39. A similar question came up for consideration before the Supreme Court in the case of Madan Lal v. State of U.P., AIR 1975 SC 2085. This was a case under the Indian Forest Act wherealso the question was with regard to the starting point of limitation for the purposes of filing an appeal. Section 17 of the Indian Forest Act prescribes a time limit of three months from the “date of the order” for presenting the appeal. The Supreme Court heavily relied upon its earlier decision in the case of Raja Harish Chandra Raj Singh (supra) and interpreted the expression “date of order” to mean the date of knowledge of the order passed without notice to and in the absence of the appellant.
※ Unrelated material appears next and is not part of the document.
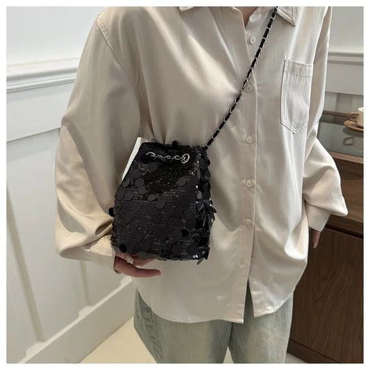 Sequin Chain Women's Portable Bucket Shoulder Bags | Retro Ladies Dinner Party Clutch Purse Luxury Design Female Crossbody Bag

40. In a recent case of D. Saibaba v. Bar Council of India  6 SCC 186 the Supreme Court was seized with the consideration of the expression “sixty days from the date of that order” used in section 48AA of the Advocates Act, 1961 which confers power of review upon the authority concerned. The court held that where the law provides a remedy to a person, the provision has to be so construed to make the availing of the remedy practical and the exercise of power conferred on the authority meaningful and effective. A construction which would render the provision nugatory ought to be avoided. The words “the date of that order”, therefore, mean and must be construed as meaning the date of communication or knowledge, actual or constructive, of the order sought to be reviewed.
41. In short, the ratio is that for the purposes of calculating limitation the expression “from the date of the order”, is to be construed to mean “the date of communication or knowledge of the order.”
42. In the instant case, the date of knowledge of the order, according to the petitioner is August 18, 1988 and the date of actual service and communication undisputedly happens to be August 29, 1988. The appeal was preferred on September 19, 1988. On September 18, 1988 there was a holiday. Thus, the appeal was within limitation both from the date of knowledge of the order and its service.
43. In this view of the matter, the appellate authority manifestly erred in law in dismissing the appeal as barred by time.
44. Accordingly, I am of the opinion that the order passed by the appellate authority on both counts that the appeal is not maintainable and is barred by time is unsustainable in law and the writ petition deserves to be allowed.
45. The order impugned dated October 5, 2010 (annexure 9 to the writ petition) passed by respondent No. 1, Commissioner of Income-tax, Kanpur is hereby quashed and a writ of certiorari is directed to be issued accordingly and respondent No. 1 is directed to decide the appeal in accordance with law, on the merits, as expeditiously as possible.
46. In the circumstances, the writ petition stands allowed. However, there shall be no order as to costs.